None of that makes it a one-way bet. The backlog only becomes cash if KNDS can actually manufacture at pace, and production bottlenecks across two countries are the main operational risk. Having two governments as dominant shareholders cuts both ways: it brings stability, but it also introduces political counterparty risk that a purely listed peer like Rheinmetall does not carry to the same degree. The listing timeline has already wobbled amid negotiations over the German stake. Valuation matters too, since European defense names have cooled from their earlier rally, and at the top of the €20 billion range the margin for error narrows.

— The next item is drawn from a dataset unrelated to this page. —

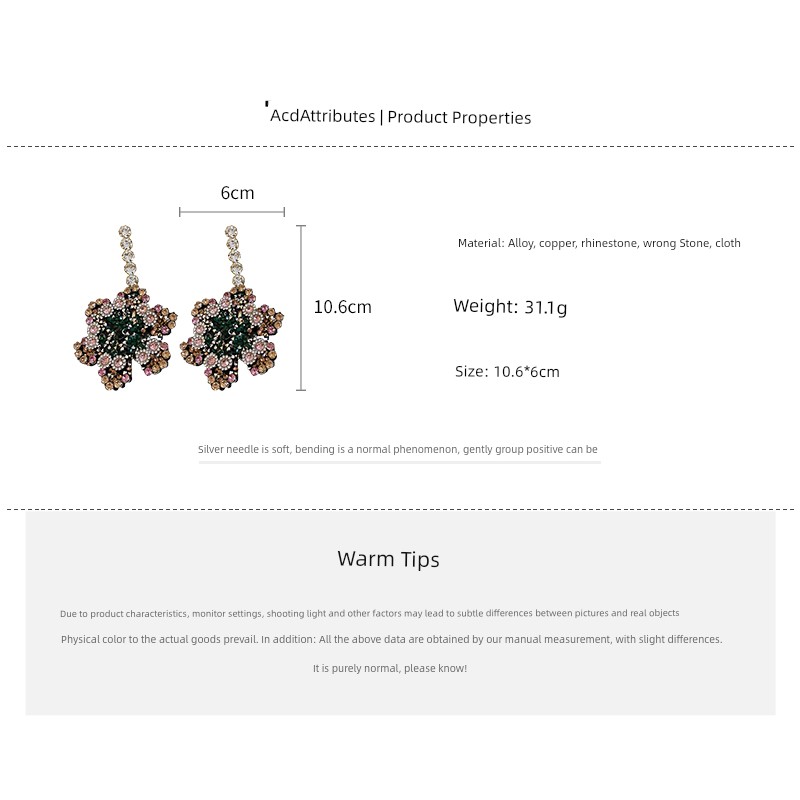 Exaggerated Long Color Flower Stud Earrings Accessible Luxury Fancy Dignified Generous Style Rhinestone Earrings New Arrival European and American Earrings Women

There are also lingering integration and legal questions, and the former Nexter side in France has lagged the former Krauss-Maffei Wegmann side on orders.

How to get exposure

KNDS is still private, so there is no way to buy shares before the IPO. Once it lists, it will trade on Euronext Paris and on the Frankfurt exchange, which means it will be accessible through most European brokers. Until then, the same rearmament theme can be followed through already-listed peers such as Rheinmetall or through European defense funds, though those are not a substitute for owning KNDS itself.

Bottom line

KNDS is a rare thing: a sovereign-backed, backlog-rich, near pure play on the rearmament of Europe, arriving on the market at the exact moment the continent is spending on defense like it has not in generations. The open questions are price and delivery, not demand. Watch where the final valuation lands and whether the listing holds its timing, and keep KNDS near the top of any European IPO watchlist.

Not investment advice.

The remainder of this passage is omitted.